Absolutely. No, that's great, Carlos. Maybe just two quick follow-ups on the guidance. One, on the $20 million of incremental costs here related to the two projects, can you elaborate on kind of what those costs exactly were and then how you plan to recover those costs through the course of the year, the $20 million? And then secondly, Julian, obviously you're pretty bullish on the outlook for energy storage, whether they go to center or not. And you're saying that the guide is fully covered by backlog. So, you know, with pipeline and bookings continuing to grow, maybe it's a little bit too early. It's only fiscal Q1. But how would you characterize the upside potential to your kind of 2026 guidance outlook here starting off the year? Thank you, guys.
I will go with the guidance for the year, and then Ahmed can give you details on the gross margin on the two projects I had. Well, I'll tell you on the guidance, you know, our approach, to our performance that we wanna, we're working towards meeting our guidance, we're committed to meeting our guidance, that's where you should expect from us. And that we, most of what we wanna like to provide you the better opportunity will be for 27 hours. That's what we wanna do. So if you ask me today, our order intake for this quarter will be the lowest one of the year. It will be the low point of the year and we should be able to go and deliver better order intake that will provide stronger visibility for 27 and that's how we expect to drive and giving you a quarter to quarter you know appointment we want to keep this year where it is or in line with our guidance hopefully you know the top or whatever but not not we do not want to exceed we don't we do we are look we're working towards making 27 to making 27 you know, good news to the market. That's what we're working on. Today we cannot provide guidance on 27, but we will, that's what we're working on, and that's the way you should think about our company. So on the 20, on the- Sure.
Hey, Brian. So the $20 million impact, so this is, the impact is at two projects, non-US projects. Two different countries, different technologies, different stages of completion. And the change is essentially the change in scope of the project in both cases. One is the scope change in equipment, and the other one is in the schedule.
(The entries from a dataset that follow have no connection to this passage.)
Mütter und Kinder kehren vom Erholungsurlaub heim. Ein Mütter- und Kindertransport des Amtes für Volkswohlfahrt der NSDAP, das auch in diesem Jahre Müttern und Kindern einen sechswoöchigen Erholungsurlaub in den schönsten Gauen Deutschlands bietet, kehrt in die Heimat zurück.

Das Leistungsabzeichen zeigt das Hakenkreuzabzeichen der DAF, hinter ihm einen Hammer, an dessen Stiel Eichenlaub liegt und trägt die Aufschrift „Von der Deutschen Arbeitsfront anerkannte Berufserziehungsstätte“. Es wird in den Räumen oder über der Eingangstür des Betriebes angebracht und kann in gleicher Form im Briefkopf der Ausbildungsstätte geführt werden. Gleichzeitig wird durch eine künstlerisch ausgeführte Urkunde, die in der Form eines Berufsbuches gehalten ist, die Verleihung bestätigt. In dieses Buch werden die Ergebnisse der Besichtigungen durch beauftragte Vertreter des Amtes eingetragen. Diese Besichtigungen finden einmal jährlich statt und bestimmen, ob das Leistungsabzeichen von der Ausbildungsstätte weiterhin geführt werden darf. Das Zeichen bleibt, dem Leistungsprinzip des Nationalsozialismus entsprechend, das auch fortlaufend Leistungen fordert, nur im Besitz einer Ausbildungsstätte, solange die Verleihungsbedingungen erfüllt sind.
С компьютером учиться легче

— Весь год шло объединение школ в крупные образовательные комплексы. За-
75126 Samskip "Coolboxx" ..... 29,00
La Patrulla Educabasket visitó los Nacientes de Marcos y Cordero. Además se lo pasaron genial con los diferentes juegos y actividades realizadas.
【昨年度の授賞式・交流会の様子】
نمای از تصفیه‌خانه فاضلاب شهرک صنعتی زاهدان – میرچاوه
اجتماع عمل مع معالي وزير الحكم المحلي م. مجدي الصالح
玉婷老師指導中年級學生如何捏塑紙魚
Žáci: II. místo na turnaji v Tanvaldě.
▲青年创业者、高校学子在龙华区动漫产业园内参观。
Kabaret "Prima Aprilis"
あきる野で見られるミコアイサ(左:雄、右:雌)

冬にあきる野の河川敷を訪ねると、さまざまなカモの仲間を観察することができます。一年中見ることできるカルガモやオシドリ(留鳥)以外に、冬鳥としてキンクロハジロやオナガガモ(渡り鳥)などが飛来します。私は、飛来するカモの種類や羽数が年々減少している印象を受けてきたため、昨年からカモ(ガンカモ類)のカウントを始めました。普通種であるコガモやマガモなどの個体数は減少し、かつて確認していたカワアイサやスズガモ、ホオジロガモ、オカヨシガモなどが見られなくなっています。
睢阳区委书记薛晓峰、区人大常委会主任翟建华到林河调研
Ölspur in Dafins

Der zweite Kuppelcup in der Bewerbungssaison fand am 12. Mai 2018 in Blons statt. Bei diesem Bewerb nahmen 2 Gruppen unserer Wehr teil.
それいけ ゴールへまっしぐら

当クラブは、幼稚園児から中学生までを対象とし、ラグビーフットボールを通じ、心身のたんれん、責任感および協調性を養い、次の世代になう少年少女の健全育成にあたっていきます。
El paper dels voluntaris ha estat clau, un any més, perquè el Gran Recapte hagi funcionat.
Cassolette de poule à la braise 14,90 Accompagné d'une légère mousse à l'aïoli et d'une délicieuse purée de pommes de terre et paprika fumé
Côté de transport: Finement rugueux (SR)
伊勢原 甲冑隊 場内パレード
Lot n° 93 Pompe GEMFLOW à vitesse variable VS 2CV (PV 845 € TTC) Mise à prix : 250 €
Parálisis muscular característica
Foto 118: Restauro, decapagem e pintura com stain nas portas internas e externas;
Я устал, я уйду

So I think our plan is to basically, as we have done in the past, is whenever these changes happen, we always recover those under the contract from our customers. And that is what we plan on doing. during the rest of the year. So feel pretty good that we can recover this impact.
Okay, helpful. Thanks, guys. I'll pass it on. Thank you, Ryan.
Thank you. One moment for our next question. Our next question comes from the line of Dylan Asano of Wolf Research. Your line is now open.
Good morning, David. Thanks for taking my question. Just wanted to check. So Tesla mentioned on their earnings call that they foresaw some mega pack margin pressure this year. They named some things like competition tariffs and the like. So just wanted to check. Have you seen any kind of intensification on any of these issues recently or you feel like you've already accounted for this all in your current outlook?
Yeah, I mean, yes, we also saw that. We don't see any major competitiveness, no real changes. Unless Tesla is referring to us, maybe. That's the only thing I can think of. They're saying that, hey, we're too fluent, I mean. But in terms of tariffs and all of that stuff, I think we are very much online. So we are confirming our guidance with a view that there's no real change. So we are not very clear what they were referring to. Got it. The competitive environment, which has always been very, very intense, not any different. And the tariffs have been very stable. So we don't expect any major changes in 26 numbers. There's some movement, not real movement, so we're confident in what we're confirming to us.
Got it. Thanks. Appreciate that. And then for my follow-up, just kind of given some of the margin headwinds this quarter, can you kind of confirm that if you do end up being the acquirer of the ASC facility that, you know, you feel good about kind of the, uh,
your liquidity situation and no need for any kind of external capital to... Yeah, no, from ASC perspective, we already talked about in the last call, you know, we have affected that in our forecast that we shared in the last quarter outlook for the year. So I feel pretty good.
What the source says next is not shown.